Adversarial machine learning research poses novel legal risks for researchers due to potential violations of contracts, computer fraud and abuse act, copyright infringement, anti-circumvention law, and misappropriation of trade secrets.
- Contracts often prohibit reverse engineering, which many adversarial machine learning attacks specifically model inversion and model stealing do
- Adversarial machine learning attacks include evasion, poisoning, model inversion, and model stealing
- Most defenses against adversarial machine learning attacks are currently broken
- Legal risks for adversarial machine learning researchers include breach of contract, computer fraud and abuse act, copyright infringement, anti-circumvention law, and misappropriation of trade secrets
The Chinese government appended random characters at the end of tweets to confuse Twitter's algorithm for flagging spam. Researchers from Skylight confused Silence's machine malware evasion system by appending benign code into WannaCry ransomware. Microsoft's bot, designed to emulate a sweet 16-year-old personality, was corrupted by trolls from Reddit and 4chan, leading to the bot becoming bigoted. OpenAI's model, GPT2, was replicated by researchers using open-source information and proxy models.

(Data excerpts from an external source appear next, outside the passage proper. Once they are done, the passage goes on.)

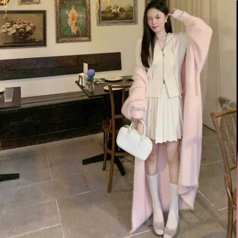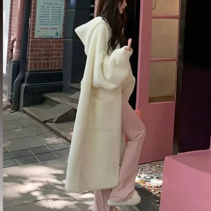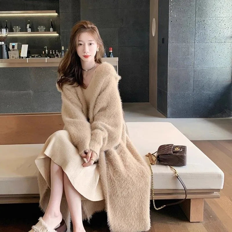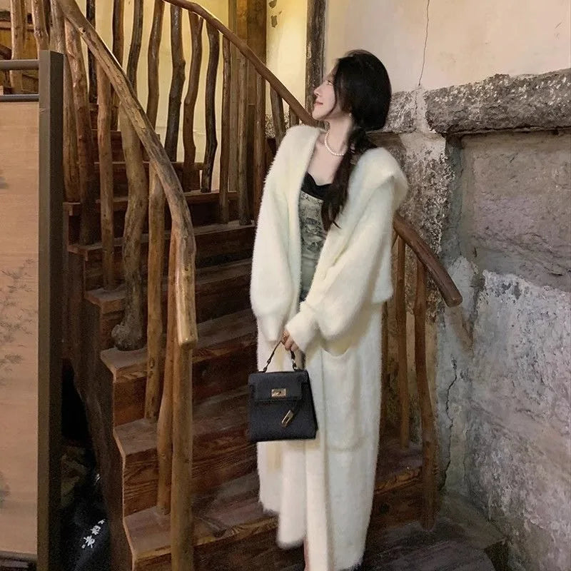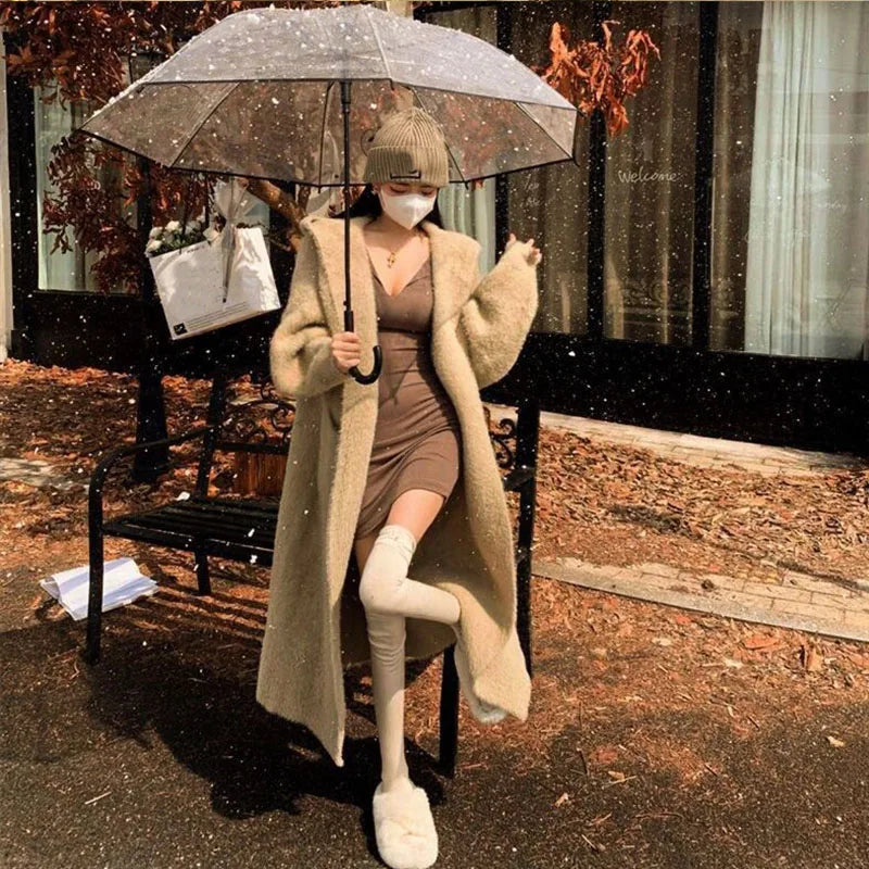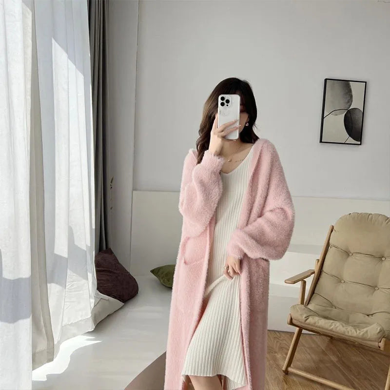 Ein vielseitiger, knielanger Strickmantel mit Kapuze, der Komfort, Alltagstauglichkeit und zeitlose Optik verbindet – ideal für kühle Tage und stilbewusste Trägerinnen.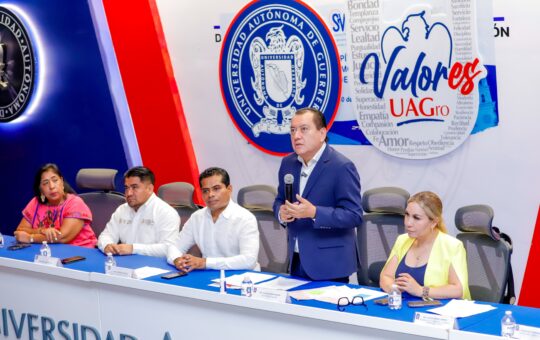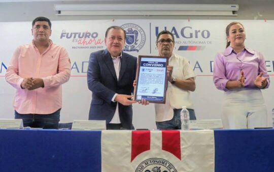 Acapulco, Gro., 8 de mayo de 2025.- El rector de la Universidad Autónoma de Guerrero, Javier Saldaña Almazán, firmó un...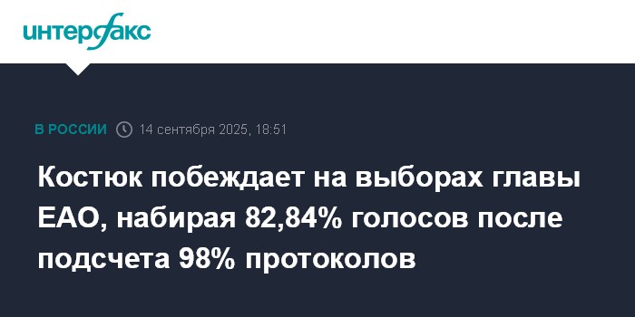 Костюк побеждает на выборах главы ЕАО, набирая 82,84% голосов после подсчета 98% протоколов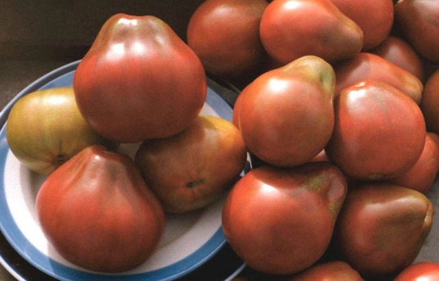 Prinokę vaisiai yra purpuriniai. Pomidorai nėra labai dideli - apie 250 g., Jie yra kriaušės formos. Skiriasi ilgas saugojimas.

Adversarial machine learning research is booming. ML researchers are increasingly targeting commercial ML systems such as those used by Facebook, Tesla, Microsoft, IBM, or Google to demonstrate vulnerabilities. But what legal risks are researchers running? Does the law map onto expectations that vendors might have about how their systems should be used?In this talk, we analyze the legal risks of testing the security of commercially deployed ML systems. Studying or testing the security of any operational system potentially runs afoul of the Computer Fraud and Abuse Act (CFAA), the primary United States federal statute that creates liability for hacking. Previously, our team analyzed common adversarial attacks under the United States law, summarizing the ways in which variability in legal regimes created uncertainty for researchers and for companies that might be interested in understanding the legal rules that apply to certain kinds of attacks.Because the United States Supreme Court has, for the first time, taken up the scope of the authorization provisions from the Computer Fraud and Abuse Act in Van Buren v. United States, we will be able to provide more definitive answers as to the legal risks that adversarial machine learning researchers may take when performing attacks such as model inversion, membership inference, and poisoning attacks. We will also look at whether other legal regimes, such as copyright or contract law, map on more directly to defenders' expectations of what should be allowed.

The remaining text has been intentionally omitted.